=== Begin Enclosure ===

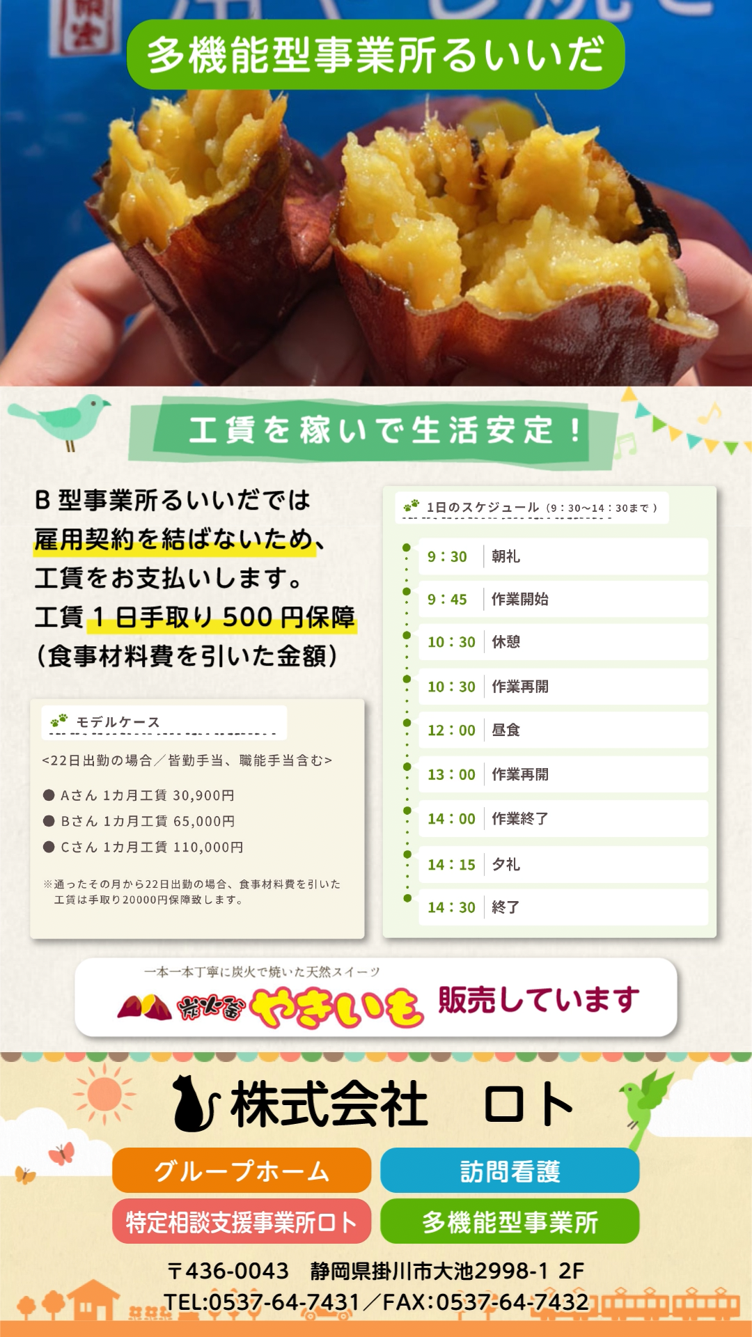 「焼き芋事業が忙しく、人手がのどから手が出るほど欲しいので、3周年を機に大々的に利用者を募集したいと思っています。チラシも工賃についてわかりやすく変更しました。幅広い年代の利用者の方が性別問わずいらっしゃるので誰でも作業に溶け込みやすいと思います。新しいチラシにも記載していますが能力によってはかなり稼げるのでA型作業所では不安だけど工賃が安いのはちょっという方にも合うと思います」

=== End Enclosure ===
=== Begin Enclosure ===

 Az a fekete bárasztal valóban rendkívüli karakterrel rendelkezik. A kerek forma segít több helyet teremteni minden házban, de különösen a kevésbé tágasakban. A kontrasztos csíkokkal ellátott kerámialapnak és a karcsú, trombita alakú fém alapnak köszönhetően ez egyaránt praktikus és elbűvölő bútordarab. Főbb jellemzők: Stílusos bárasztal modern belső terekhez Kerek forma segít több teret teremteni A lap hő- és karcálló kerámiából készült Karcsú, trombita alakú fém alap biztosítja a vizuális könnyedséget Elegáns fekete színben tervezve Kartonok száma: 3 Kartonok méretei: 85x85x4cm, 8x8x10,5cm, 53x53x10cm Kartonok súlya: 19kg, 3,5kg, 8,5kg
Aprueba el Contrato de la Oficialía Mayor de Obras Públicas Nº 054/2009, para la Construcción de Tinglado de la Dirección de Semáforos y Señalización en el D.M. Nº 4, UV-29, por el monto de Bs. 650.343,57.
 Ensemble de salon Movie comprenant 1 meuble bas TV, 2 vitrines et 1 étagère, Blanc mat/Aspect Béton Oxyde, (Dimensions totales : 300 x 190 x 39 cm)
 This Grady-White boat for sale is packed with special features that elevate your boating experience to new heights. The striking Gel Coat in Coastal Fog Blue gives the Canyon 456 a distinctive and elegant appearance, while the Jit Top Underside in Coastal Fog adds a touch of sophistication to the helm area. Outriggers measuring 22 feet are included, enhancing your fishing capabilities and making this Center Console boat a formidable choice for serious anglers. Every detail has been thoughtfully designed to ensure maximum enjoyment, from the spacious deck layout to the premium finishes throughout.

=== End Enclosure ===
=== Begin Enclosure ===

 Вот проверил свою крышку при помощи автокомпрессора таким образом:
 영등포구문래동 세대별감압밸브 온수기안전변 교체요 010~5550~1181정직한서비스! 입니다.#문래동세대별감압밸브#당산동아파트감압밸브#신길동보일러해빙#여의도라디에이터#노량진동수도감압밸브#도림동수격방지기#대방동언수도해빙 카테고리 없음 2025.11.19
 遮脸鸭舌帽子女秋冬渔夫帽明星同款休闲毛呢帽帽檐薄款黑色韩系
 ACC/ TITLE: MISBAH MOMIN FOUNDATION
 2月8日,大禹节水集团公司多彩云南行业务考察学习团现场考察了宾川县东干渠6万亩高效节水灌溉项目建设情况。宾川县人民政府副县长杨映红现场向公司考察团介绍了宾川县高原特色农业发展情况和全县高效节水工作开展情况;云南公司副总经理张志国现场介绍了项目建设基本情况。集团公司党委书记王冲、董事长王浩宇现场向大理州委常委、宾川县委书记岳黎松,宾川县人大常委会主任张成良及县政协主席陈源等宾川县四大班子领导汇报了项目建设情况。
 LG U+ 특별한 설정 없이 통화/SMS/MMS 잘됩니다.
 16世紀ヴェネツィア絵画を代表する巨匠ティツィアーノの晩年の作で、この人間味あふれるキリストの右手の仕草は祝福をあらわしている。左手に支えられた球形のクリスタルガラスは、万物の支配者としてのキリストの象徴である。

=== End Enclosure ===

### WORK TASK:
Your task is to transcribe, with no changes, only the lines of the listing above that lie between the line holding "LG U+ 특별한 설정 없이 통화/SMS/MMS 잘됩니다." and the line holding "16世紀ヴェネツィア絵画を代", inclusive.

### RESULT FOR THIS TASK:
 LG U+ 특별한 설정 없이 통화/SMS/MMS 잘됩니다.
 16世紀ヴェネツィア絵画を代表する巨匠ティツィアーノの晩年の作で、この人間味あふれるキリストの右手の仕草は祝福をあらわしている。左手に支えられた球形のクリスタルガラスは、万物の支配者としてのキリストの象徴である。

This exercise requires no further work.